Speed of the flow of water = 2 km/hr 

Speed of the boat downstream = \(3\frac12\) km/hr 

Let the speed of the boat in still water = \(x\) km/hr 

Then, \(x\) + 2 = \(3\frac12\) ⇒ \(x\) = \(1\frac12\) km/hr.

(c) 2hrs

Let the distance to be covered be x km at y km/hr.

∴ \(\frac{x}{y}=\frac{x}{\frac23y}-1\) ⇒ \(\frac{x}{y}-\frac{3x}{2y}=-1\) ⇒ \(\frac{2x-3y}{2y}=-1\)

⇒ –x = – 2y ⇒ x = 2y. 

∴ With his usual speed the time taken to cover a distance x km. = \(\frac{x}{y}=\frac{2y}{y}\) hrs = 2hrs.

(d) 250 m

Since the man is walking in the opposite direction of the moving train, 

Relative speed of the train = (45 + 5) km/hr

= \(\bigg(50\times\frac{5}{18}\bigg)\) m/sec = \(\frac{250}{18}\) m/sec

Length of the train = Relative speed x Time taken in crossing the man

= \(\bigg(\frac{250}{18}\times18\bigg)\) m = 250 m.

(a) 3 : 2

Let the speed of A is x km/hr and speed of B is y km/hr. 

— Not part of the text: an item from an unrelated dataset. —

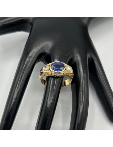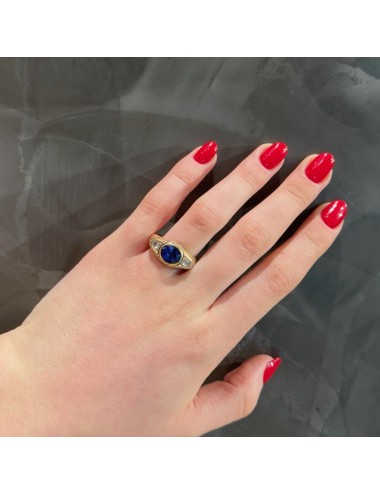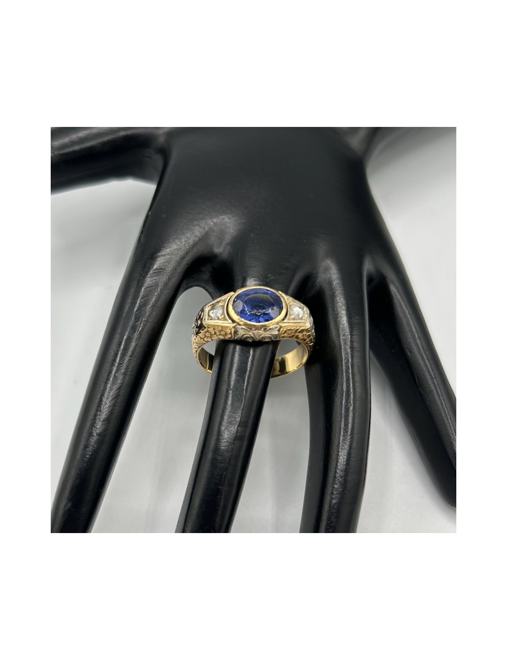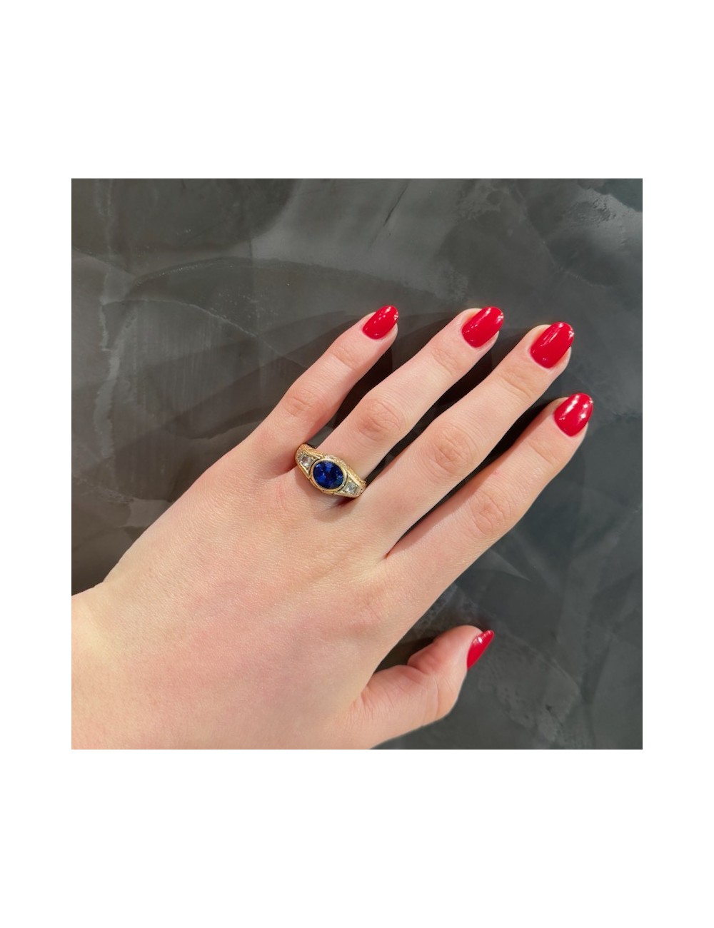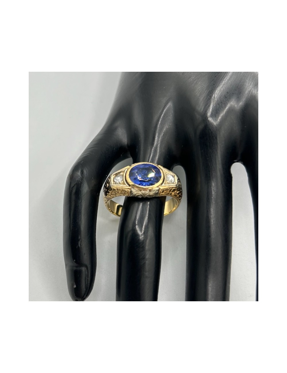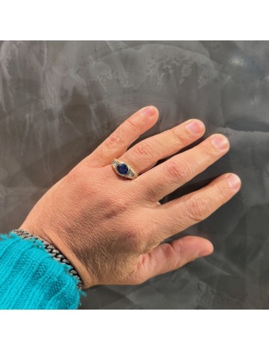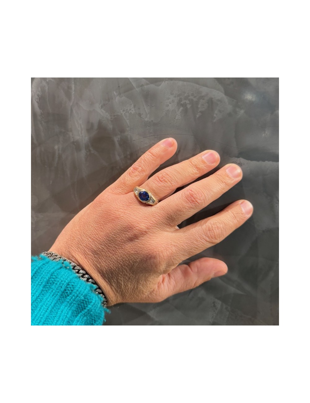 Anello antico da uomo con Zaffiro blu centrale taglio Ovale.
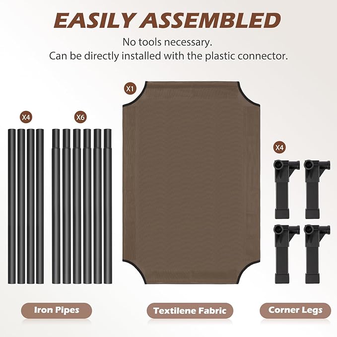 - Easy to Install: The cooling dog cot can be installed without the use of any tools, screws and can be installed directly with the plastic connector. It only takes a few minutes of your time, and presto! It's up and ready for your pet to enjoy in.

Let them meet after t hours. Then, 

xT + yT = Total distance 

After the meeting, distance left for A = yT and the distance left for B = xT 

Now, yT = 4x and xT = 9y

∴ \(\frac{yT}{xT} = \frac{4x}{9y}⇒\frac{x^2}{y^2}=\frac94⇒\frac{x}{y}=\frac32\) ⇒ x : y = 3 : 2

 (c) 25 km/hr

Distance covered by the first person in 10 seconds = \(\bigg[\bigg(3\times\frac{5}{18}\bigg)\times10\bigg]\) m = \(\frac{25}{3}\) m 

Distance covered by the second person in 11 seconds =  \(\bigg[\bigg(5\times\frac{5}{18}\bigg)\times11\bigg]\) m = \(\frac{275}{18}\) m 

∴ The train travels a distance = \(\frac{275}{18} - \frac{25}{3}= \frac{128}{8}\) m in (11 – 10) = 1 second.

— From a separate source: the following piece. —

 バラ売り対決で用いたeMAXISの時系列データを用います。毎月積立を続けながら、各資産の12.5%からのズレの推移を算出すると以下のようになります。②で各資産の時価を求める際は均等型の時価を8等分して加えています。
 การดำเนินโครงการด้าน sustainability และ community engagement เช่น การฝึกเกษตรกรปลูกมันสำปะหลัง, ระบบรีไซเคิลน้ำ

∴ Speed of the train = \(\bigg(\frac{125}{18}\times\frac{18}{5}\bigg)\) km/hr = 25 km/hr.

(c) 240 km

Distance covered by goods train before express train leaves = 40 × 2 = 80 km 

Relative speed = (60 – 40) km/hr = 20 km/hr 

∴ Time taken to cross each other = \(\frac{80}{20}\) hrs = 4 hrs 

∴ Distance from Delhi where the express train is expected to overtake the goods train = (4 × 60) km = 240 km.

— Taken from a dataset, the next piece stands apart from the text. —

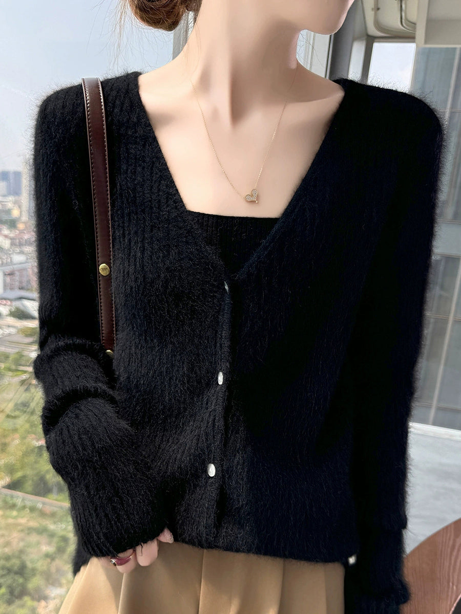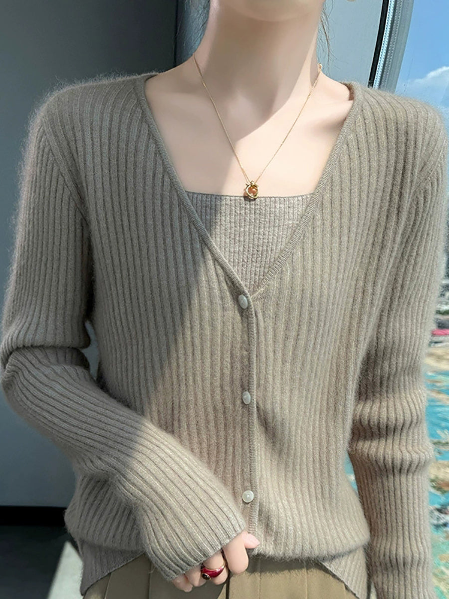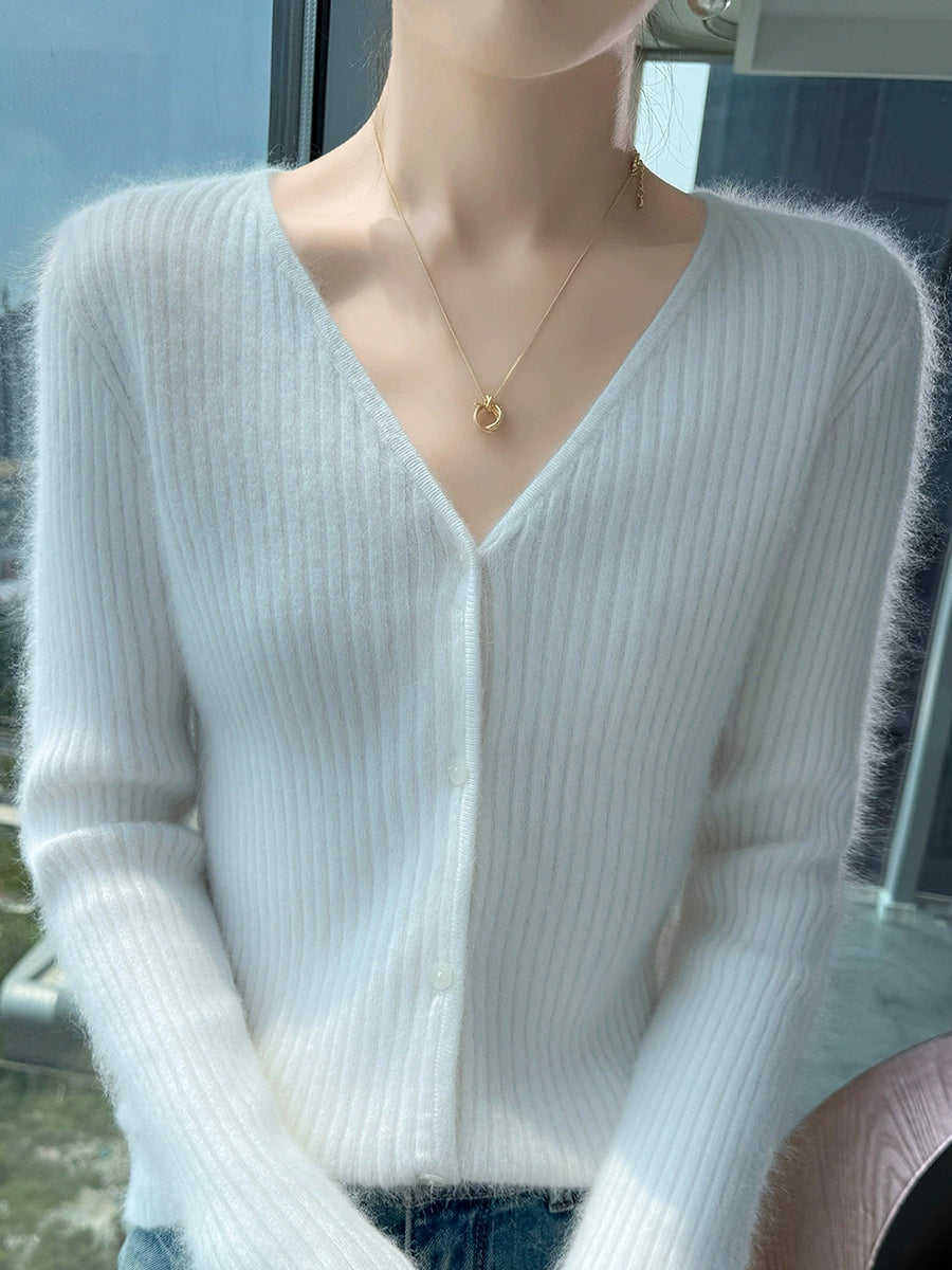 Suéter feminino casual de primavera em cor lisa com decote em V

Let the original average speed of the cyclist be x km/hr.

Then, \(\frac{14}{(x-1)}-\frac{14}{x}=\frac13\) ⇒ \(\frac{14x-14(x-1)}{x(x-1)}\) = \(\frac13\)

⇒ \(\frac{14}{x^2-x}=\frac13\) ⇒ x² – x – 42 = 0 ⇒ x² – 7x + 6x – 42 = 0 

⇒ x(x – 7) + 6(x – 7) = 0 ⇒ (x – 7) (x + 6) = 0 ⇒ x = 7 or –6 

Since speed cannot be negative, x = 7 km/hr

(a) 5 am on the next day

Distance covered by train A before train B leaves 

Ludhiana = 60 × 3 = 180 km 

Relative speed = (72 – 60) km/hr = 12 km/hr 

∴ Time taken to cross each other = \(\frac{180}{12}\) hrs = 15 hrs

∴ Required time = 2 pm + 15 hrs = 5 am on the next day.